• **PROBLEM TO WORK ON**: Beginning with the line that contains "Young Asian attractive", transcribe the rest of the listing below exactly, including its last line, and exclude any pictures.

• **AVAILABLE DATA**:
———
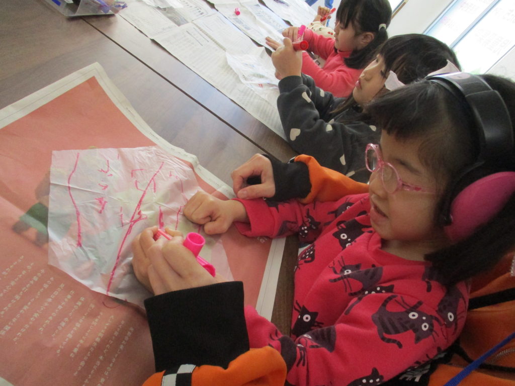 自分で選んだ色のテープを貼ったり、自由に絵や文字を描いていきます。
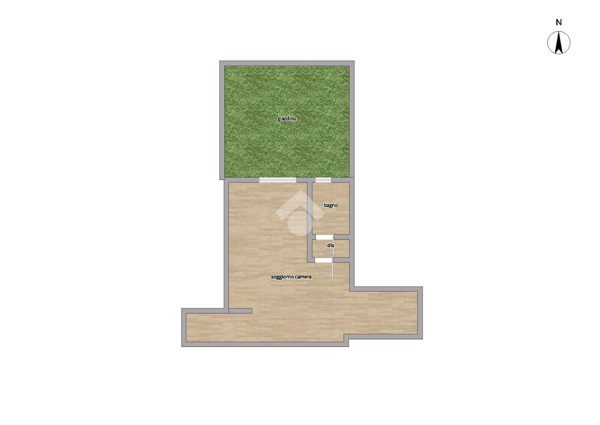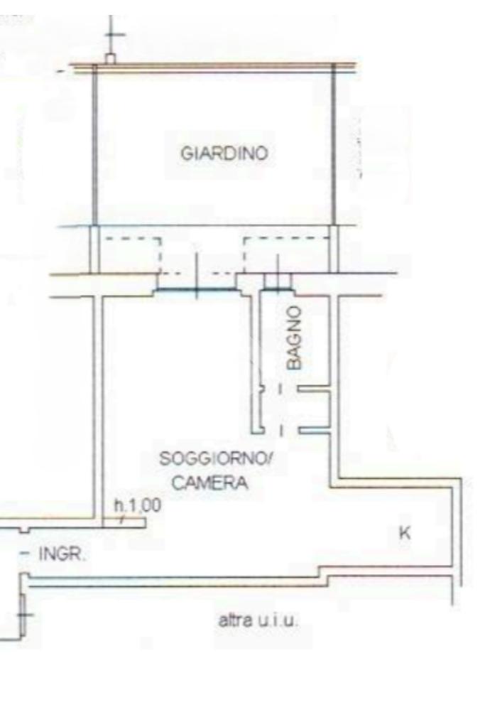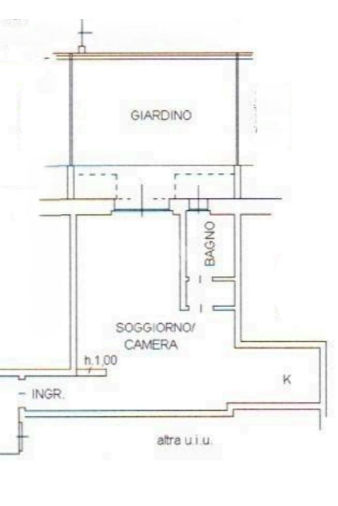 L’immobile risulta essere così composto : ingrasso al piano terra mediante corridoio ove si apre l’ampio e luminoso open space con mobilio su misura, angolo cottura e accesso diretto al giardino privato che si affaccia sull’interno. Proseguendo dalla zona giorno, accediamo all’antibagno con lavabo e bagno con box doccia.
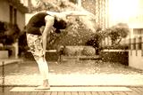 Young Asian attractive woman doing yoga exercise near swimming pool. Pilates workout and healthy lifestyle concepts. International yoga day
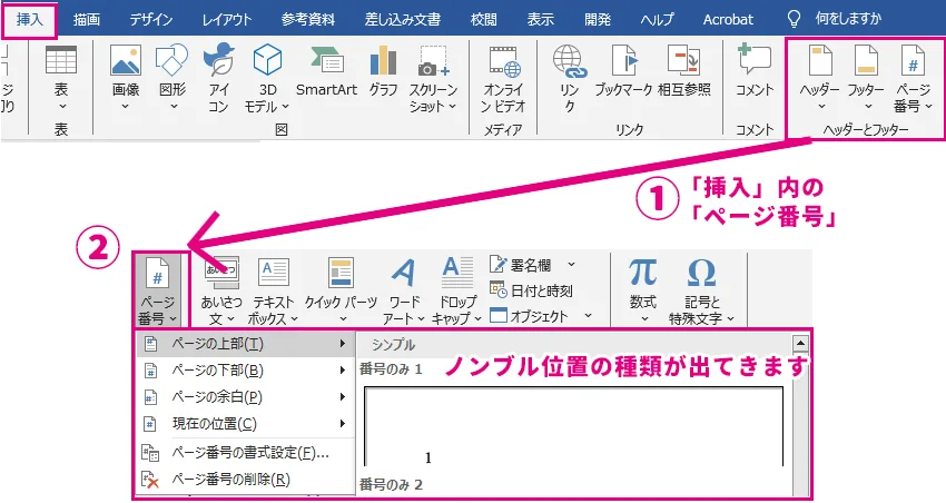 【Wordでのノンブルの設定の仕方(※Word2019)】
———
• **RESPONSE**:
 Young Asian attractive woman doing yoga exercise near swimming pool. Pilates workout and healthy lifestyle concepts. International yoga day
 【Wordでのノンブルの設定の仕方(※Word2019)】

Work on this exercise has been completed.